NTT: The process of making Fifth Cinema started with the collecting of different sources of found footage, personal archives and found photographs. For many years, I’ve been collecting material from the internet – eBay, YouTube – with ideas for different projects in mind, spanning topics that include colonialism, war, cinema, image, indigenous people, land and ecology. This personal archive has been growing and Fifth Cinema is the process of reviewing the archive and trying to find a way to weave these different materials together. The film sets out to engage with local and national identity, but at the same time to address something universal. I wanted to find the underlying rules that govern our lives, worlds and realities, and to unpick the way we look at things.
One of the subjects I wanted to address was the representation of women in Vietnam, and how certain images have been used, in particular during the Vietnam war – images that still resonate in the minds of the public today. There was a great north/south divide during the war: in the north, women were always shown as heroic – as fighting women who participated in the war effort, or else in building socialism.
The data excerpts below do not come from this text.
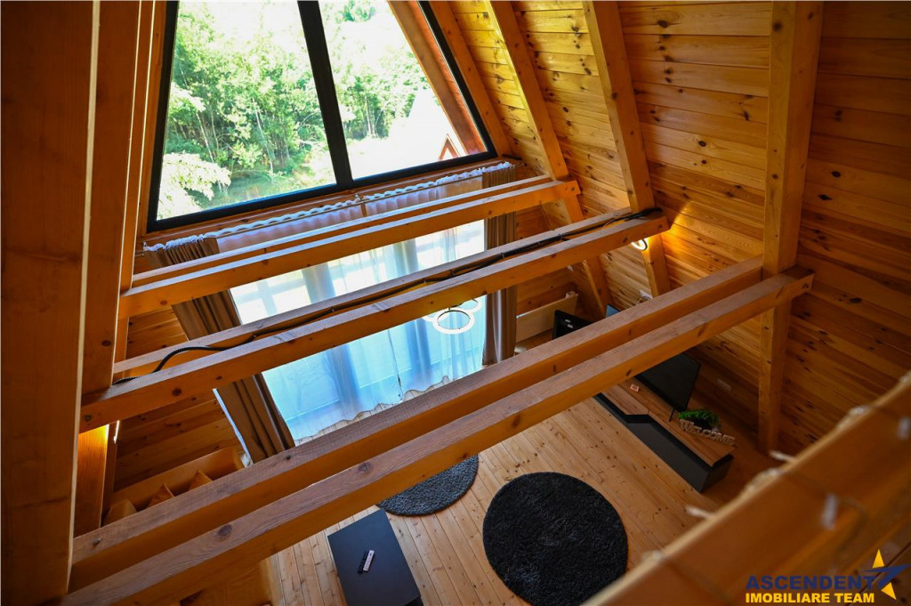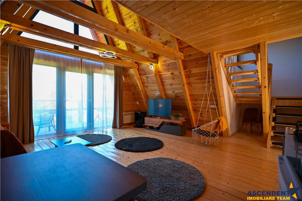 Arhitectura tip A Frame aduce un aer cosmopolit si elegant, imbinand armonios liniile simple si moderne cu farmecul materialelor naturale, creand astfel un ambient cald si primitor, perfect pentru relaxare si confort.
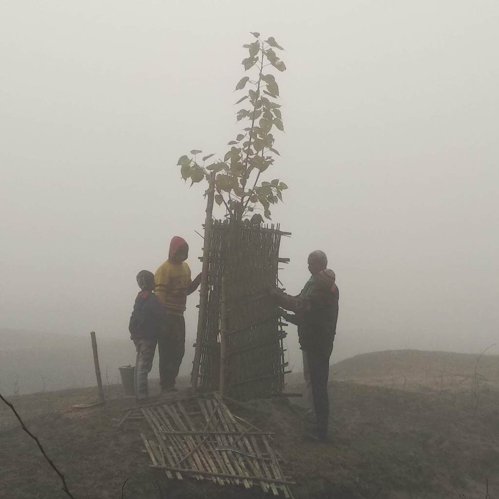 The winter is no deterrent to our shramdan, children working along with Arun ji, to protect the peepul tree planted behind the centre.
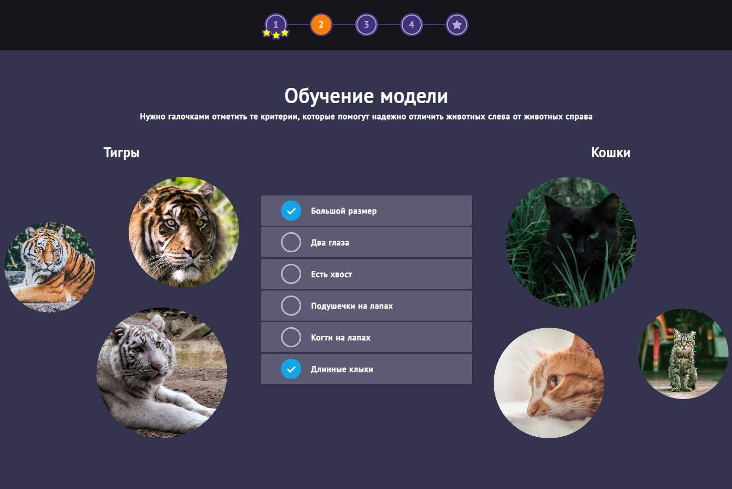 Чтобы отличить тигров от кошек, необходимо выбрать пункты Большой размер и Длинные клыки, ведь тиграм присущи эти критерии, а кошкам нет (они маленькие и клыки у них также крохотные).
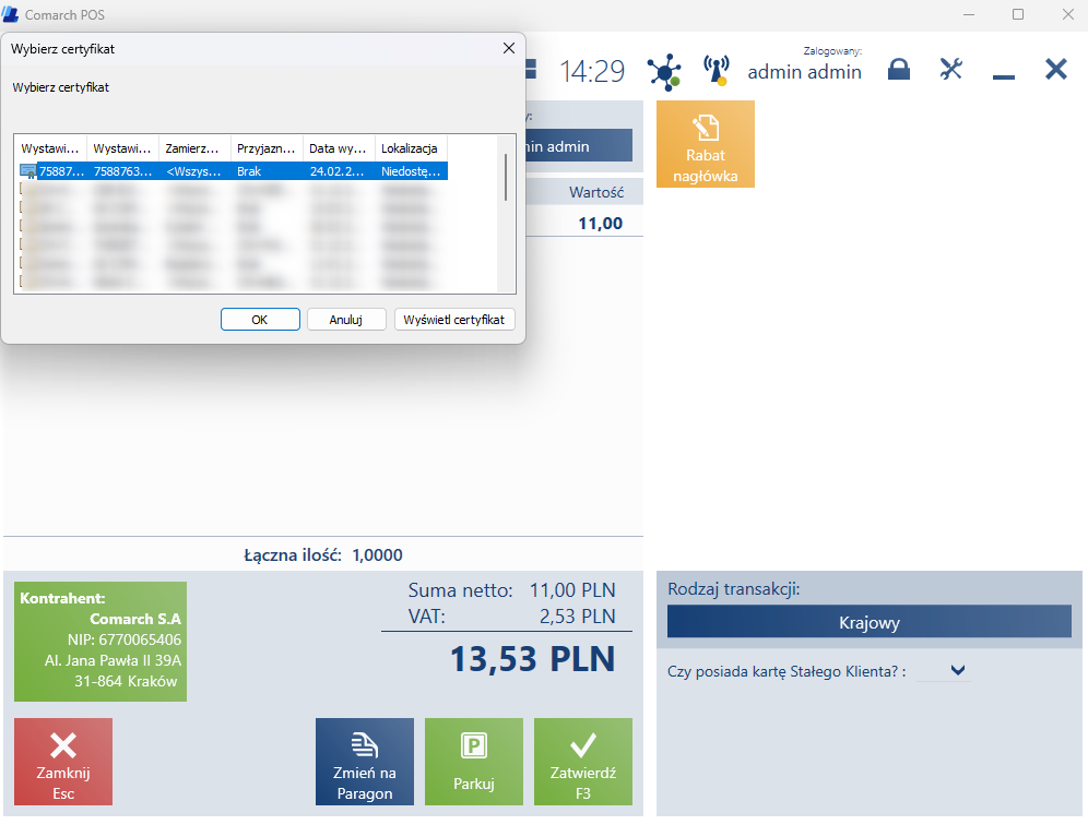 Obecnie, gdy token uwierzytelniania na bazie Comarch POS jest pusty, wyświetlane jest okno do wyboru certyfikatu kwalifikowanego. Jeżeli token jest pusty, należy zweryfikować, czy dostępny jest certyfikat uwierzytelniający KSeF.
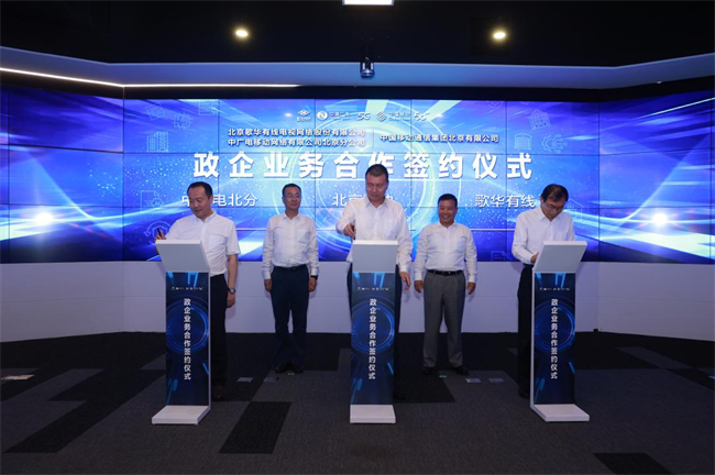 8月16日,歌华有线、中广电移动北京分公司与北京移动签署《政企业务合作框架协议》。中国广电副总经理、歌华有线党委书记、董事长郭章鹏与北京移动党委书记、董事长、总经理张冬见证签约。
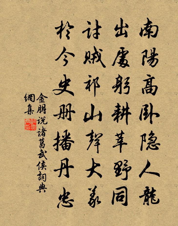 詩詞名句歷史字典書法欣賞書法字典國語詞典說文解字康熙字典古漢語字典標 題 作 者 詩 句 諸葛武侯作者:金朋說 朝代:宋代諸葛武侯原文南陽高臥隱人龍,出處躬耕莘野同。討賊祁山聲大義,於今史冊播丹忠。詩詞問答問:諸葛武侯的作者是誰?答:金朋說問:諸葛武侯寫於哪個朝代?答:宋代金朋說諸葛武侯書法欣賞諸葛武侯書法作品詩詞推薦送張弋司空曙〔唐代〕擁棹江天曠,蒼然下郢城。冰霜葭菼變,雲澤鷓鴣鳴。酒倦臨流醉,人逢置榻迎。嘗聞藉東觀,不獨魯諸生。和拜茶趙希逢〔宋代〕地靈分異產,人力果何功。護想森神物,余應處下風。葉初緘嫩綠,色敢帶昏紅。珍重春前雪,殷勤奉帝宮。舟夜贈內白居易〔唐代〕三聲猿後垂鄉淚,一葉舟中載病身。莫憑水窗南北望,月明月暗總愁人。和黃龍清老三首蘇軾〔宋代〕風前橄欖星宿落,月下桄榔羽扇開。靜默堂中有相憶,清江或遣化人來。句李邴〔宋代〕古來重九皆如此,無復龍山劇孟嘉。送張諫議武元衡〔唐代〕漢庭從事五人來,回首疆場獨未回。今日送君魂斷處,寒雲寥落數株梅。送文子徐妹丈赴隨州太學掾用司馬文正公送先陳亮〔宋代〕昔仰南洲德,今逢世嗣賢。聲名江左重,文教漢東專。君意思空馬,吾生肯絕弦。江頭無語處,一葉浪花前。贈梁運屬陳宓〔宋代〕萱堂處處盡陽春,二月嚴霜凜獨陳。六載侍旁勤奉養,五年居外備艱屯。嗟君不愧曾參孝,愧我殊無考叔純。齊與海棠春 已未清明對海棠有賦吳潛〔宋代〕海棠亭午沾疏雨。便一餉、胭脂盡吐。老去惜花心,相對花無語。羽書萬里飛來處。報掃蕩、狐嗥兔舞。濯錦古江假山鄭剛中〔宋代〕真山固自玉簪碧,秋意亦到假山中。峰潤雨因窗罅入,洞寒雲與小爐通。寄鄭維忠葉雲叟諸友黃榦〔宋代〕村村簫鼓競龍舟,萸菊岩前倚晚秋。老懶焚香書一卷,淡煙疎竹月侵樓。酬虞部蘇員外過藍田別業不見留之作王維〔唐代〕貧居依谷口,喬木帶荒村。石路枉回駕,山家誰候門。漁舟膠凍浦,獵火燒寒原。唯有白雲外,疏鍾聞夜猿。代胡僧留別劉言史〔唐代〕此地緣疏語未通,歸時老病去無窮。定知不徹南天竺,死在條支陰磧中。思歸傅察〔宋代〕舊國日已遠,東秦安在哉。水雲波浩蕩,林日影摧頹。野色撩詩興,秋風動旅懷。擊舟還信步,不覺詠歸來。春日幽居示仲固彥沖十絕胡寅〔宋代〕紅含宿雨兩三枝,淨插銅瓶浥注之。不是靈芸初一見,也非迷路武陵時。和李伯時韻送行七首曹勛〔宋代〕居臨潮落潮生地,占得溪南溪北雲。紫陌清歌同聽曲,丹丘連日喜逢君。白鼉鳴張籍〔唐代〕天欲雨,有東風,南谿白鼉鳴窟中。六月人家井無水,夜聞鼉聲人盡起。司馬宅白居易〔唐代〕雨徑綠蕪合,霜園紅葉多。蕭條司馬宅,門巷無人過。唯對大江水,秋風朝夕波。題壁釋永頤〔宋代〕春來日日風兼雨,開戶晴軒長翠羅。山鵲弄花飛不遠,隔檐衝散落梅多。瞿塘、巫峽張問陶〔清代〕瞿塘蟠大壁,巫峽削千峰。處處奇相敵,山山妙不重。詩隨林壑變,天辟畫圖濃。何日真游遍,穿雲策短筇?名句推薦山甫歸應疾,留侯功復成。張九齡《奉和聖制送尚書燕國公赴朔方》 日習則學不忘,自勉則身不墮徐幹《中論·上卷·治學》 對茲佳品酬佳節,桂拂清風菊帶霜。曹雪芹《螃蟹詠》 丹灶初開火,仙桃正落花。孟浩然《清明日宴梅道士房 / 宴梅道士山房》 知莫大乎棄疑,行莫大乎無過,事莫大乎無悔。荀子《荀子·議兵》 紛披乍依迥,掣曳或隨風。李世民《詠興國寺佛殿前幡》 可憐處處巢居室,何異飄飄托此身。杜甫《燕子來舟中作》 志足而言文,情信而辭巧劉勰《文心雕龍·徵聖》 勸君頻入醉鄉來,此是無愁無恨處。晏幾道《玉樓春·雕鞍好為鶯花住》 試上超然台上看,半壕春水一城花。蘇軾《望江南·超然台作》

Meanwhile, in the south, what proliferated were images of women as entertainment, prostitutes and bar women. The images of the south remain the dominant images, both within Vietnam and outside it, too. This is just one of the threads in the film.
Another is the environment: what was formative for me in conceiving this work is the concerns over the unstoppable escalation of environmental and ecological destruction in Vietnam and beyond – which points us back to Letters from Panduranga – destruction that is usually enacted on local and indigenous communities, who have no say whatsoever in these matters. In Panduranga, the development of the nuclear power plants has been postponed, but not because of common sense, or protests, or the recognition of indigenous rights. It was simply because of finances.